We just want to get away from it all. I remember reciting this script to nearly all of our friends who would never understand our sudden exodus from the city. It felt like such a simple decision at the time. A four bedroom brick house atop a hill to overlook the sprawling fields. The idea of sitting together on the back porch basking in the sunrise felt like an escape from our dim apartment. The prospect of owning our own little piece of sanctuary brought us so much joy. It spanned over two acres of what was once farmland. Despite our inexperience, I had relished the thought that I could bring forth my own garden; however, nothing would grow here. 

I remember the early days so vividly.
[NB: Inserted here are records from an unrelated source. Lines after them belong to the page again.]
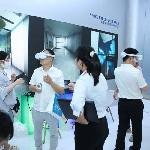 300+㎡的【元宇宙智能展館】,除了有全方位的產品展示區外,還設有炫酷未來感的元宇宙體驗區,搭載VR/AR技術,提供多角度、多場景仿真環境,打破產品與空間交互的邊界,融合視覺、聽覺等多種感官享受,帶來360°身臨其境沉浸式體驗。
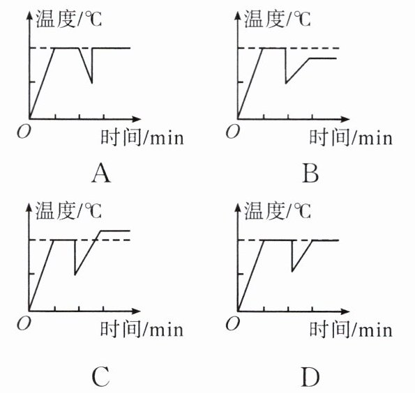 (4)星期天小明在家烧水煮饺子,当水烧开准备下饺子时,妈妈提醒他锅里的水有点少,于是小明又往锅里迅速加了一大碗水(水量比锅里的少),用同样大的火直至将水再次烧开。下面能说明整个烧水过程中温度随时间变化的图像是______(选填字母)。
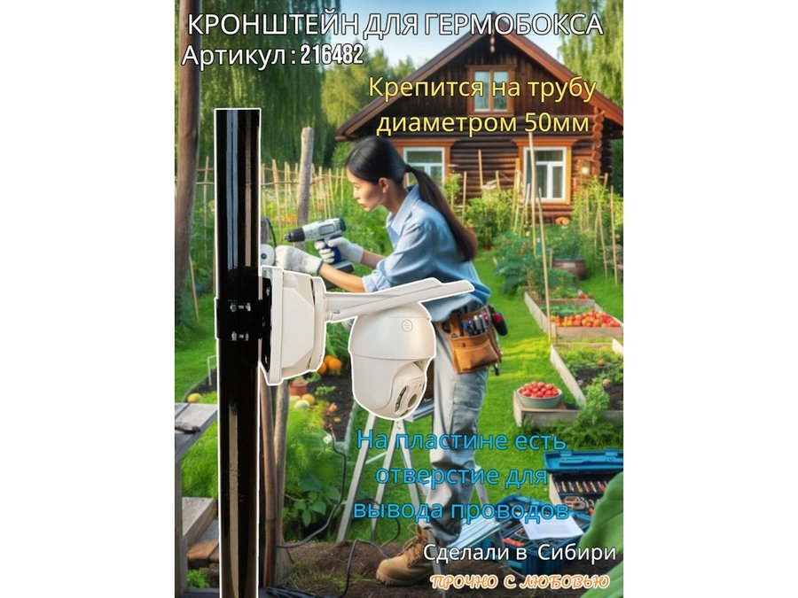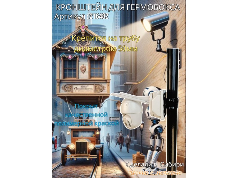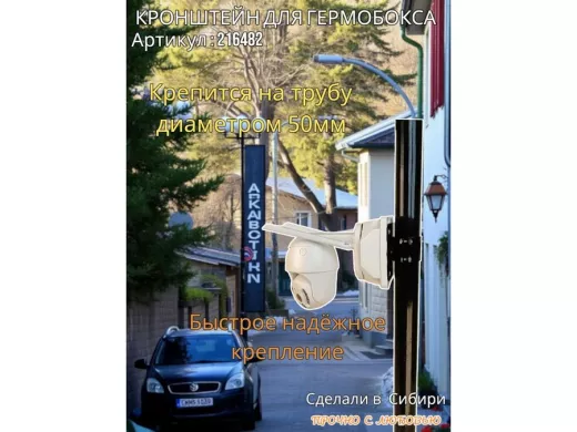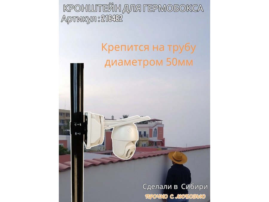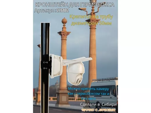 - Кронштейн позволяет быстро зафиксировать гермобокс с видеокамерой на трубу.
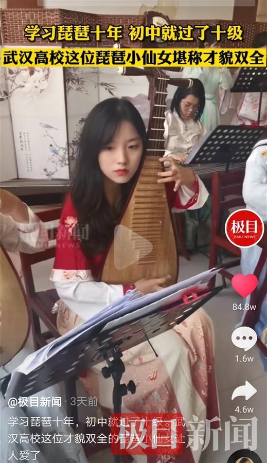 12月10日,“武汉琵琶小仙女”突然火了,极目新闻官方抖音号发布的一段12秒的视频,吸引了2500万人次观看,近85万网友点赞。视频主角是新葡的京集团8814vip大二学生周彤,当时,她正在学校知音国乐社排练。
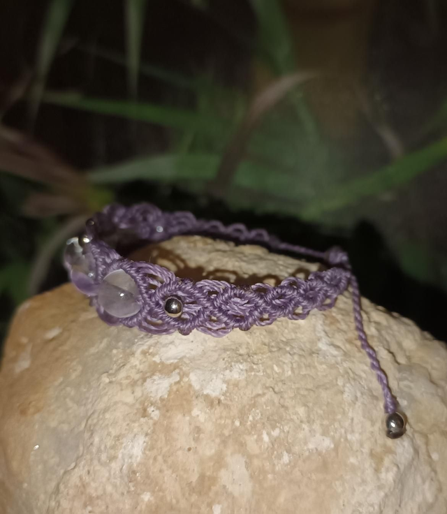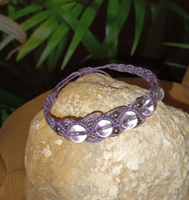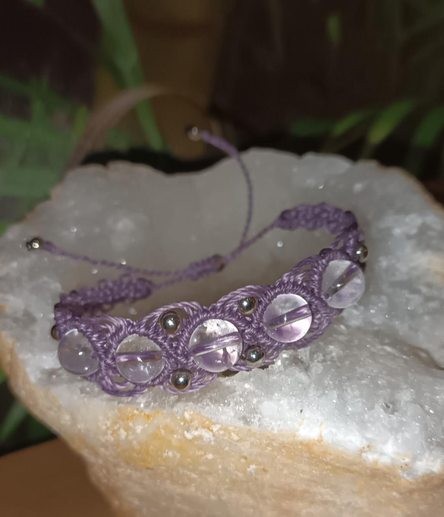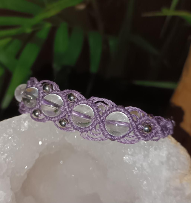 Bracelet en micro-macramé réalisé avec du fil polyester ciré LINHASITA. Orné de perles en cristal de roche et de petites perles en acier inoxydable, il présente un design ajustable qui épouse parfaitement le poignet, alliant douceur et élégance.
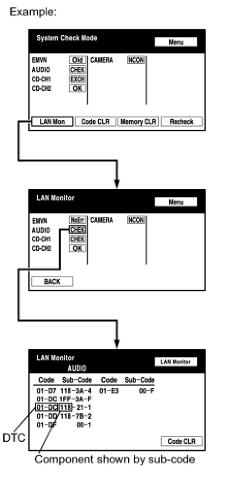 (2) Check for an open or short in the AVC-LAN circuit between the display and navigation module display and the component shown by the sub-code.

We planned every detail of the house from the renovations to the decor. The extra bedrooms would obviously be future nurseries. The kitchen was stocked with gadgets and tools that he vowed to learn how to use. We even found this beautiful mirror deep in the basement. Sadly, the years did not obey our envisions. The bedrooms became graveyards for Christmas decorations we rarely remembered to put out. The kitchen gadgets never left their boxes and the mirror had long since been shattered on a particularly dark evening in our country home. 

We wanted to bring in the sun, but, in doing so, we let in the shadows. I had been watching them for awhile. They snuck in slowly and then all at once. Hiding at first—they remained protected behind our old claw tub or underneath the hand built mantle. Then, without reserve, they traced our hallways and ceilings. Bold reminders I could do nothing to stop them. I feared them once upon a time, the shadows, but now I had become so completely numb. To me, they started to feel more commonplace than an ominous sign. 

Tonight felt no different. I sat at our kitchen table with my glass of wine, staring at our piece of unforgiving land. The last orange rays of our sun dripped onto the stack of legal papers beside me. Beyond the table, I saw them, they crawled audaciously on our handpicked stone tile. They constantly crept forward racing towards my ankles, but tonight I did not feel the urge to flee them. 

When we looked at the house, I remember all the warnings our realtor, Shirley, told us. The gutters needed replaced, the shed hardly passed the inspection, and the basement once had a flood. They felt like such easy fixes. We could hire someone for all that, he reassured me. I agreed and the house was ours. But Shirley did not tell us everything. She did not warn us that the darkness we fled in the city would find us here too. It was not a sanctuary from the nightfall that befell us in our old home. Instead, the country house was just an extension of it. 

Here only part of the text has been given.